The two solutions to this problem are to either enforce (at serialize
time) a policy which prevents serializing objects of non-visible
classes, or to give up relative resolution and go to "absolute" identities.
When you use an absolute identity, you're persisting not only the class'
name but also the identity of its initiating class loader. Back in the
RMI and applet days, this would have been done (rather clumsily) by
extension name or perhaps code source URL. In our container environment
we tend to use module identifier. But either way, this identity is
useless unless you have a mechanism to resolve it back to a class
loader. This mechanism (at least as of today) is going to vary
substantially from one runtime environment to another though. Thus
being able to plug in to the process is critical [1].

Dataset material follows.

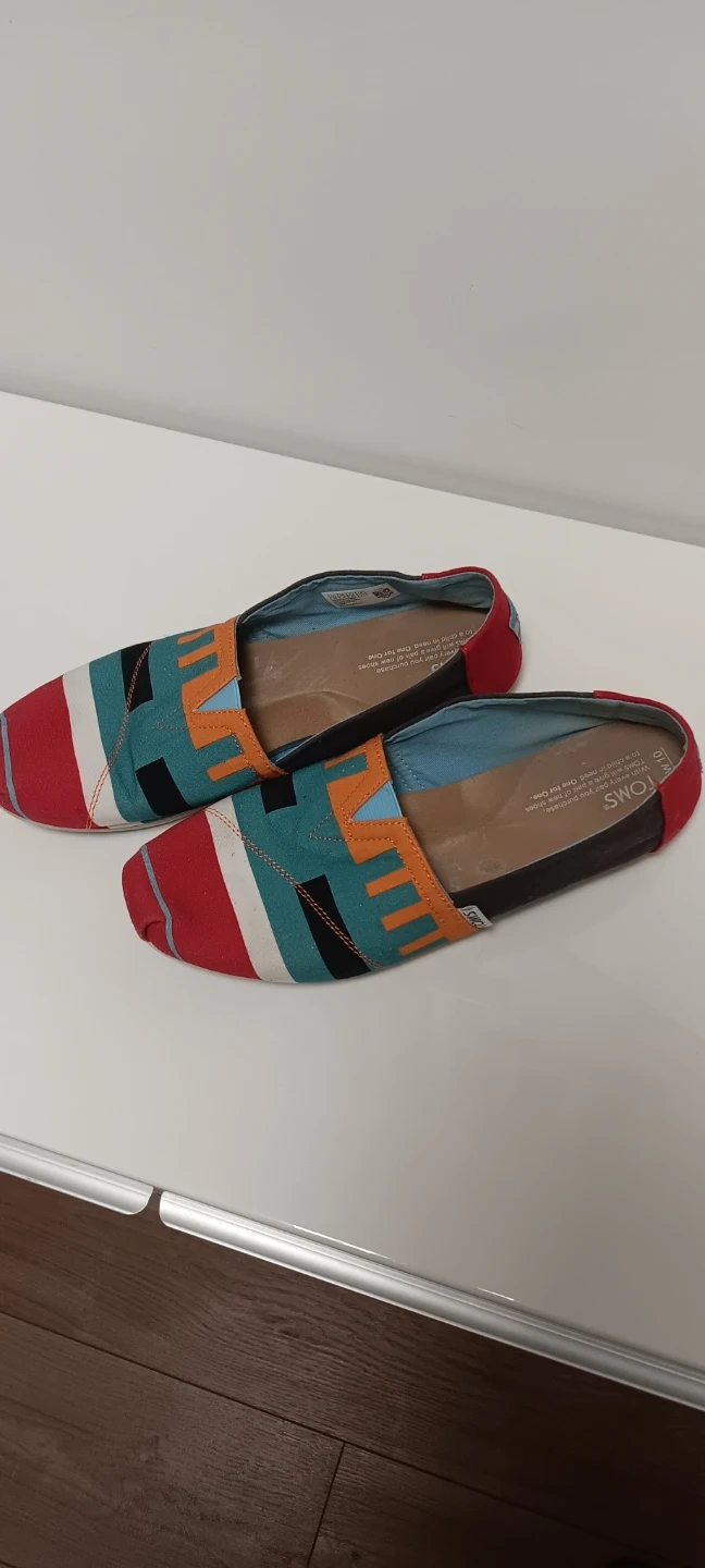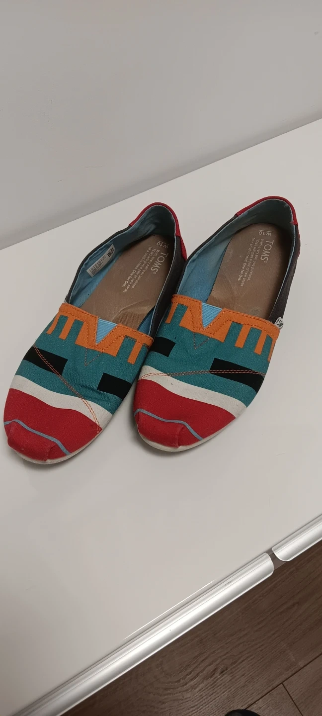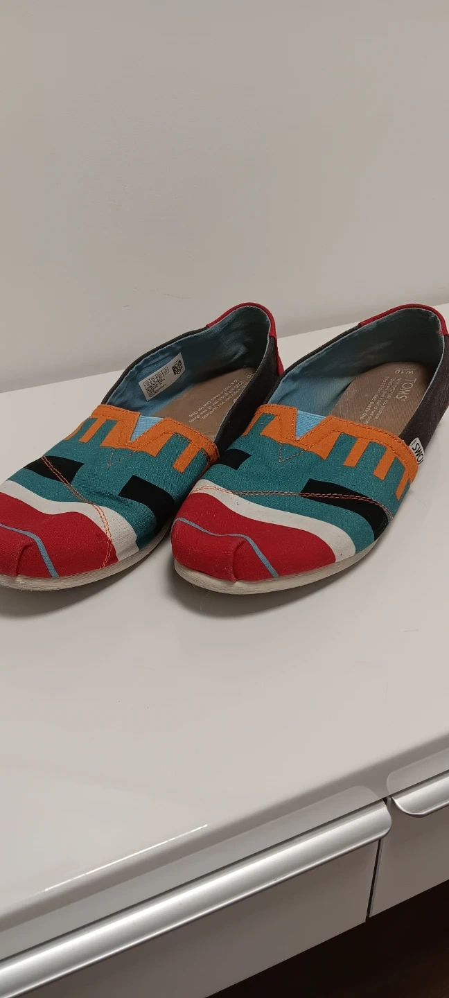 These TOMS women's Alpargata shoes feature a vibrant geometric pattern. They're made with a canvas upper and a comfortable textile lining. These slip-on shoes are great for casual wear.
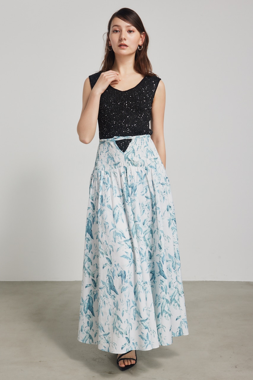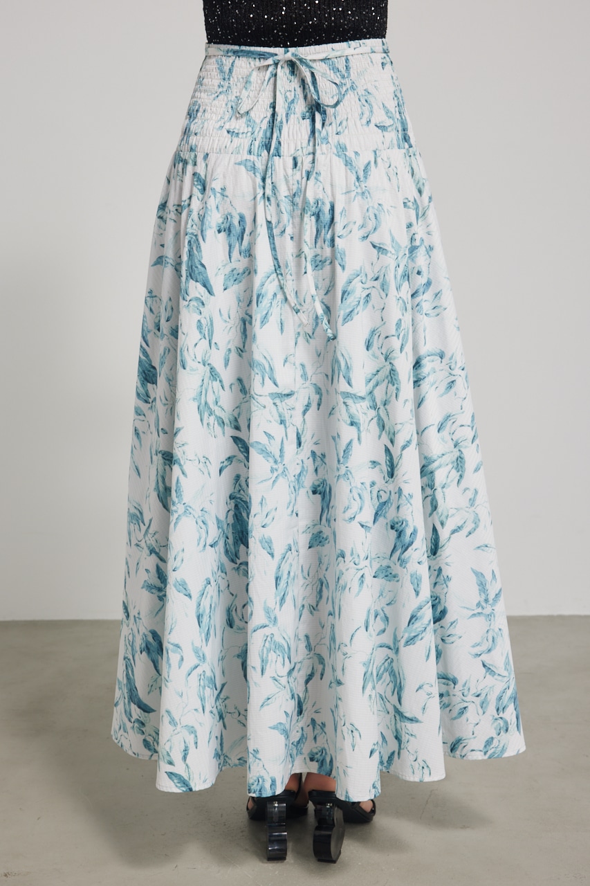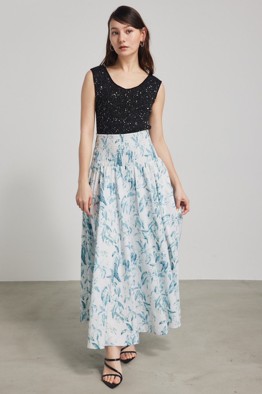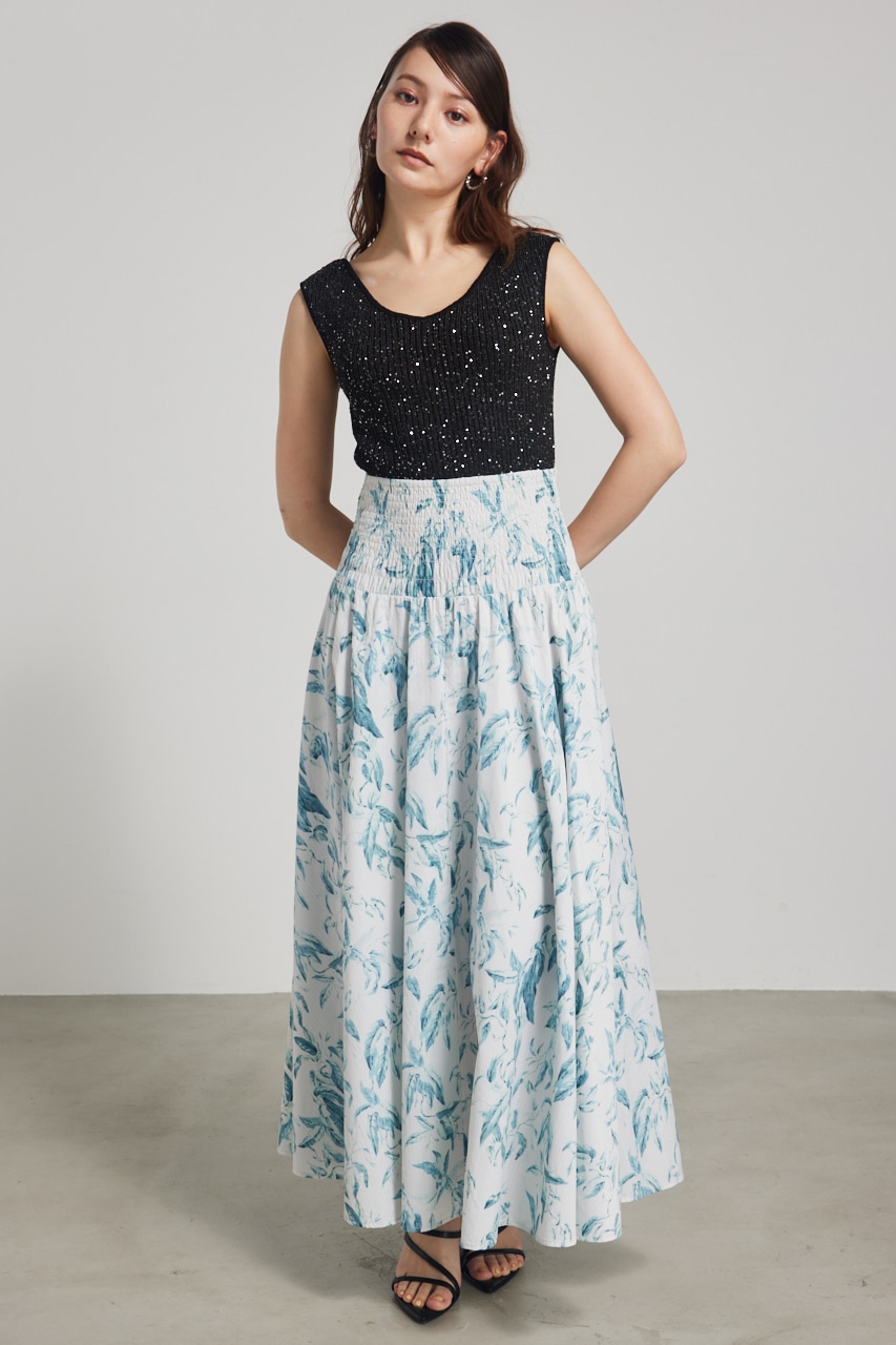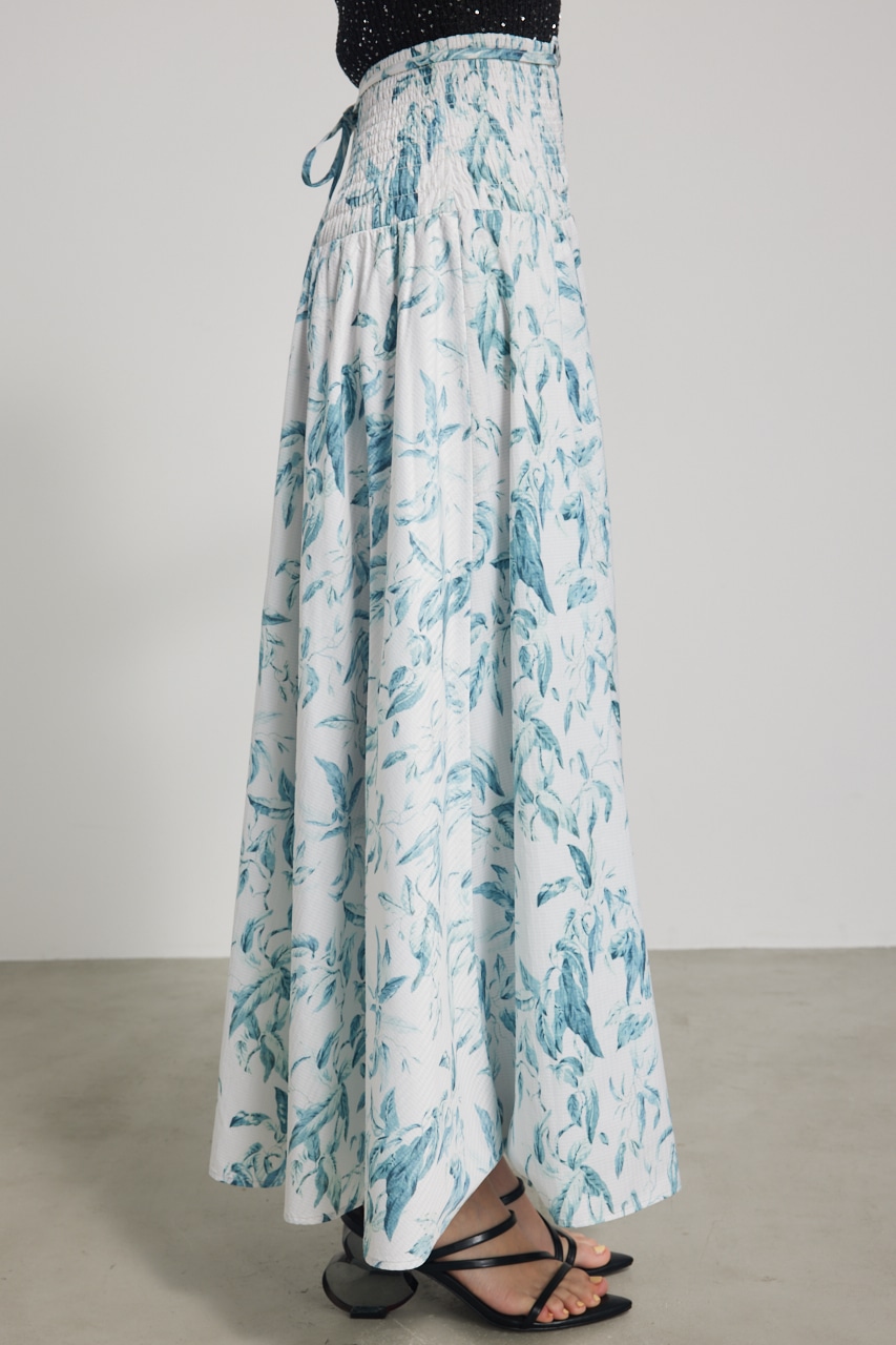 昨年も販売して大好評を得たV&A限定プリントのスカートからインスピレーションを得たアイテム。110HS631-0931と同型を使用し、プリント色は土台は落ち着いたアイボリーを使い、葉と葉脈を緩いカーブ状に配置し大人っぽいBLUの濃淡の色使いで表現しました。

There's another tricky dimension to this problem though. Say you want
everything - the ability to use the "current" application to resolve a
class (i.e. to disambiguate a class of a given name from a neighbor
application which might want to execute the exact same code but get its
own relatively visible class), but also the ability to absolutely
resolve "invisible" classes. This would be common in the case where you
have two EAR deployments in an app server, each bundling their own copy
of an EJB JAR (for whatever reason) but which both link against common
modules.
There's no silver bullet here, but this problem can be solved to a
significant extent if you know which class loaders are candidates for
relative resolution and marking them as such in the target externalized
class data. In AS for example, we could use information about the
deployment class-path graph to distinguish what was bundled with the app
and what is external to it, because we know that deployment classes are
very likely to be visible from the TCCL (and if not, we would not have a
very large class loader landscape over which to search).
Of course as an end user you don't really want to think about any of
this crap, you just want it to work. The user can't avoid having some
knowledge of this though - they have to know what policy they apply to
the data they're accessing. Sometimes it's simple - if they have a flat
class loader, and they're reading modularized serial data, they can just
discard the class loader identification because if a class isn't found
in their class loader, it's not going to be found anywhere else either.
Sometimes it's more complex though. Writing from one environment and
reading from a completely differently structured environment can get
extremely hairy when using absolute resolution, requiring various
degrees of translation. The best advice would be to have users strive
to use the same kind of environment when dealing with serialized data.
For example, modular writers should be consumed by modular readers.
Note that though I use serialization as my main example, these concepts
should apply as well (at a certain level) to Hibernate and friends,
Infinispan, etc.
[1] As an example, see
https://github.com/dmlloyd/jboss-marshalling/blob/master/api/src/main/jav...